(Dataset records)
========================================
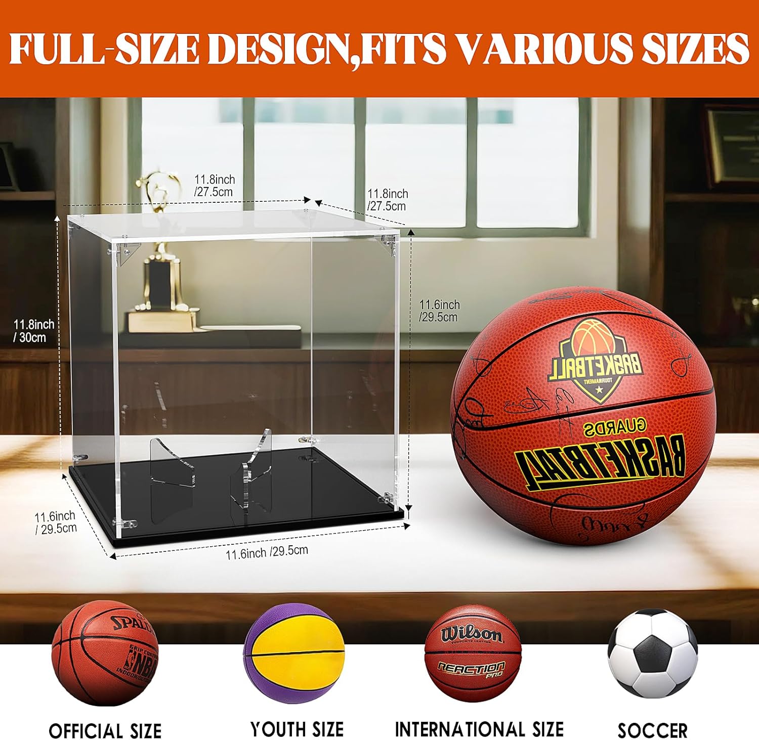 Elegant Display: The basketball holder measures 10.6″ * 10.6″ * 10.2″ and can hold all sizes of basketballs. It’s not just a container, but a display case for showcasing your collectibles, memorabilia, toys, models, Legos, statues, etc.
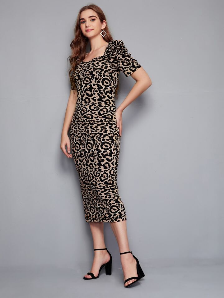 فستان بحافة فتحة وباكمام منتفخة بطباعة الفهد
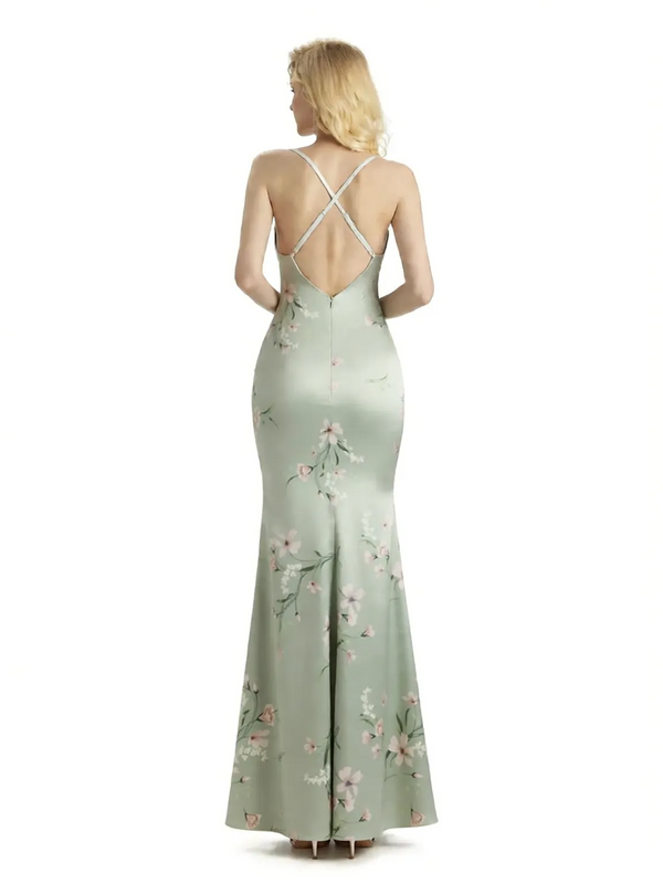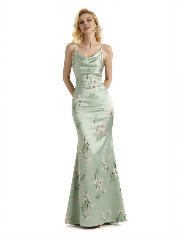 Sexy Jewel Spaghetti Straps Mermaid Long Satin Floral Formal Dresses For Women
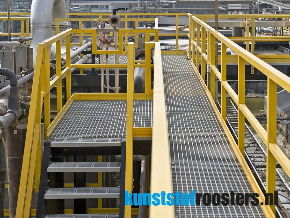 Glasvezel Versterkte Kunststof roosters en traptreden zijn corrosiebestendig, sterk, licht in gewicht, onderhoudsarm, veilig en eenvoudig te monteren. GVK is daarom een uitstekend constructiemateriaal voor gebruik in waterrijke, corrosie gevoelige en chemisch agressieve omgevingen.
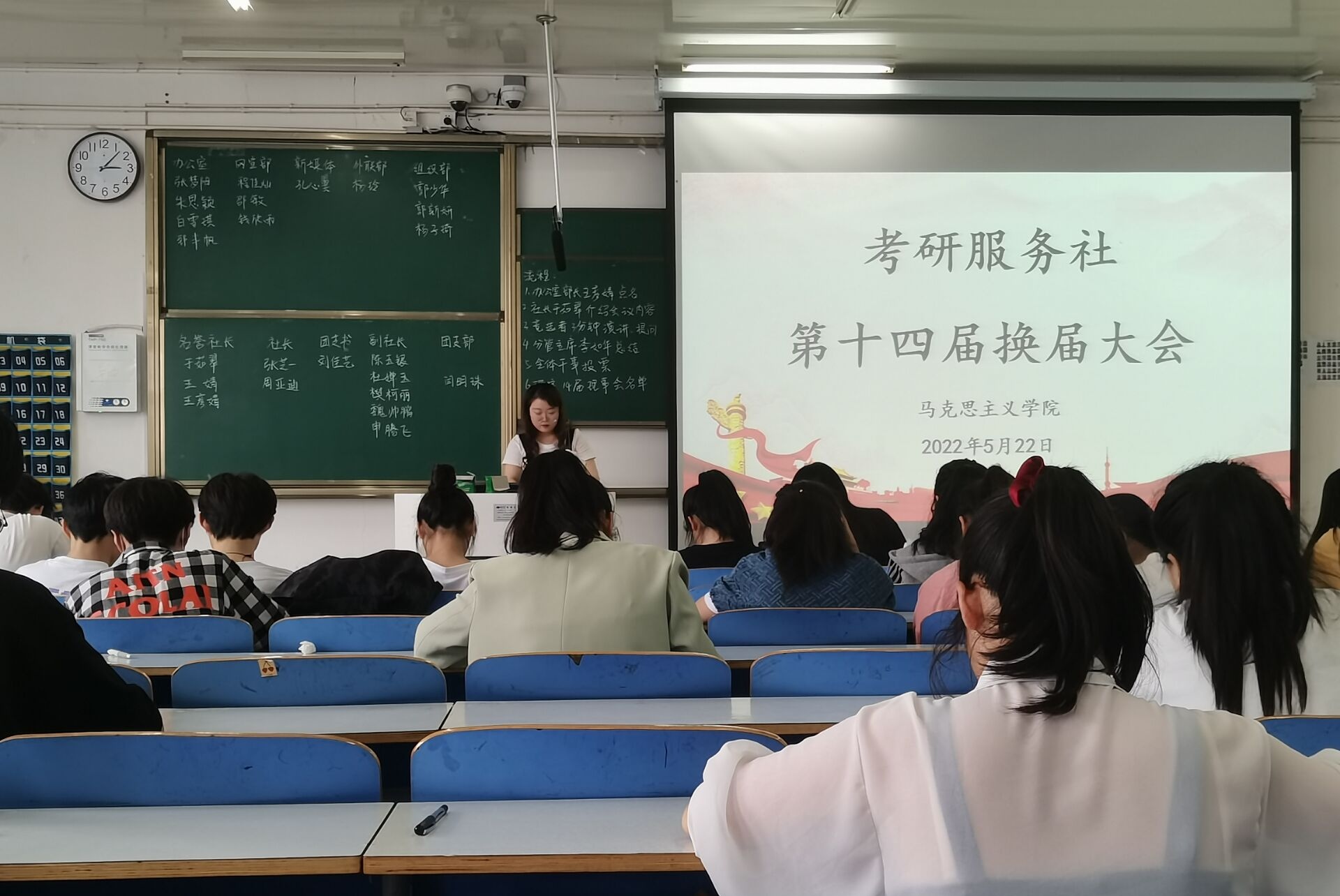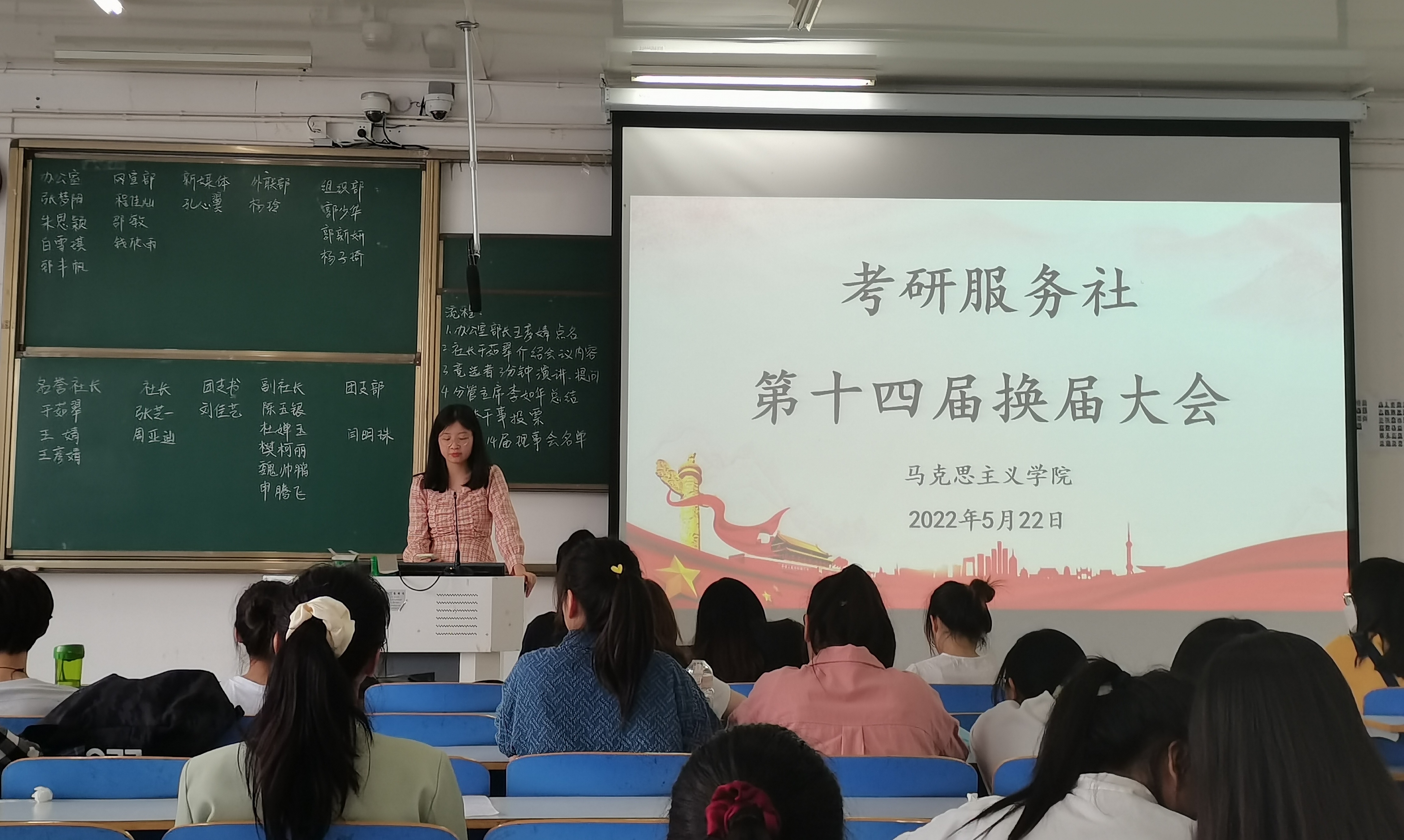 5月22日下午,信阳师范学院考研服务社换届大会在社科楼516教室召开。考研服务社社长、各部门负责人及全体社团干事参加此次换届大会。
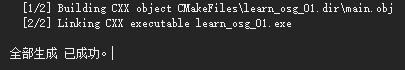 6.点击VS菜单的"生成-全部生成",VS会自动调用相关工具生成"learn_osg_01.exe",F5可运行调试,此时在控制台上已经可以输出"Hello, osg!"。
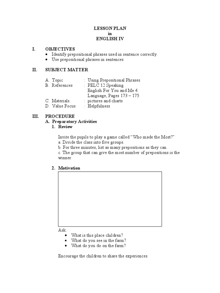 Lesson Plan In English Iv Pdf Preposition And Postposition Phrase
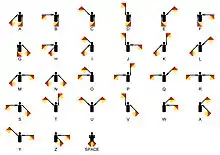 Un semáforo de banderas[12] es el sistema de telegrafía que transmite información a distancia mediante señales visuales con banderas de mano, varillas, discos, palas o, ocasionalmente, manos desnudas o enguantadas. La información está codificada por la posición de las banderas.[13]
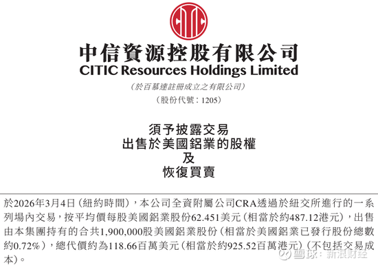 3月5日晚间,中信资源公告称,于纽约时间2026年3月4日,旗下全资附属公司CRA通过在纽交所进行的一系列场内交易,以平均每股62.451美元的价格出售190万股美国铝业(AA.US)股份,约占美国铝业已发行股份总数的0.72%,交易总代价约为1.19亿美元(约合9.26亿港元),不包括交易成本。
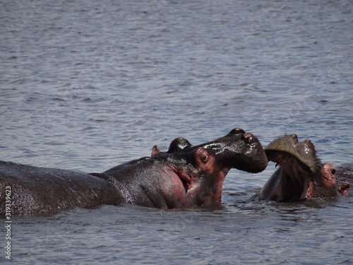 © Adventuring Dave, Fototapeta premium Hippos face to face with mouths open wide
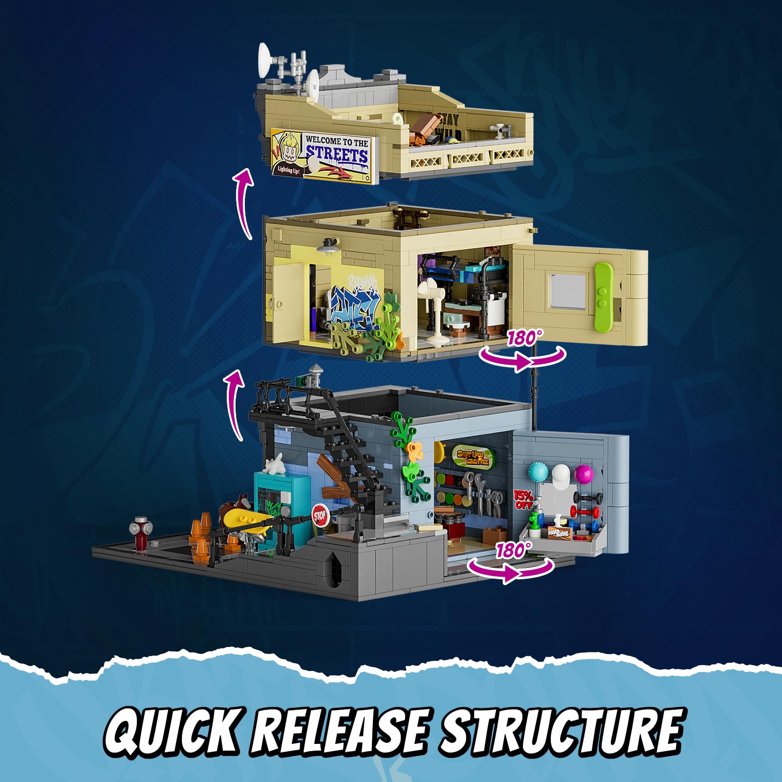 Tauchen Sie tief in die Welt der Strassenkultur ein. Die Vielzahl an Zubehörteilen und die detailgetreuen Szenarien ermöglichen ein immersives Bau- und Spielerlebnis, bei dem Sie authentische Skateboard-Szenen nachstellen können. Die durchdachte Architektur auf mehreren Ebenen bietet nicht nur abwechslungsreiche Spielmöglichkeiten, sondern macht das Modell auch zu einem eindrucksvollen Ausstellungsstück, das eine Geschichte erzählt.
========================================
**Work instruction**
Please print all of the records above exactly, omitting each picture.

**Answer below**
 Elegant Display: The basketball holder measures 10.6″ * 10.6″ * 10.2″ and can hold all sizes of basketballs. It’s not just a container, but a display case for showcasing your collectibles, memorabilia, toys, models, Legos, statues, etc.
 فستان بحافة فتحة وباكمام منتفخة بطباعة الفهد
 Sexy Jewel Spaghetti Straps Mermaid Long Satin Floral Formal Dresses For Women
 Glasvezel Versterkte Kunststof roosters en traptreden zijn corrosiebestendig, sterk, licht in gewicht, onderhoudsarm, veilig en eenvoudig te monteren. GVK is daarom een uitstekend constructiemateriaal voor gebruik in waterrijke, corrosie gevoelige en chemisch agressieve omgevingen.
 5月22日下午,信阳师范学院考研服务社换届大会在社科楼516教室召开。考研服务社社长、各部门负责人及全体社团干事参加此次换届大会。
 6.点击VS菜单的"生成-全部生成",VS会自动调用相关工具生成"learn_osg_01.exe",F5可运行调试,此时在控制台上已经可以输出"Hello, osg!"。
 Lesson Plan In English Iv Pdf Preposition And Postposition Phrase
 Un semáforo de banderas[12] es el sistema de telegrafía que transmite información a distancia mediante señales visuales con banderas de mano, varillas, discos, palas o, ocasionalmente, manos desnudas o enguantadas. La información está codificada por la posición de las banderas.[13]
 3月5日晚间,中信资源公告称,于纽约时间2026年3月4日,旗下全资附属公司CRA通过在纽交所进行的一系列场内交易,以平均每股62.451美元的价格出售190万股美国铝业(AA.US)股份,约占美国铝业已发行股份总数的0.72%,交易总代价约为1.19亿美元(约合9.26亿港元),不包括交易成本。
 © Adventuring Dave, Fototapeta premium Hippos face to face with mouths open wide
 Tauchen Sie tief in die Welt der Strassenkultur ein. Die Vielzahl an Zubehörteilen und die detailgetreuen Szenarien ermöglichen ein immersives Bau- und Spielerlebnis, bei dem Sie authentische Skateboard-Szenen nachstellen können. Die durchdachte Architektur auf mehreren Ebenen bietet nicht nur abwechslungsreiche Spielmöglichkeiten, sondern macht das Modell auch zu einem eindrucksvollen Ausstellungsstück, das eine Geschichte erzählt.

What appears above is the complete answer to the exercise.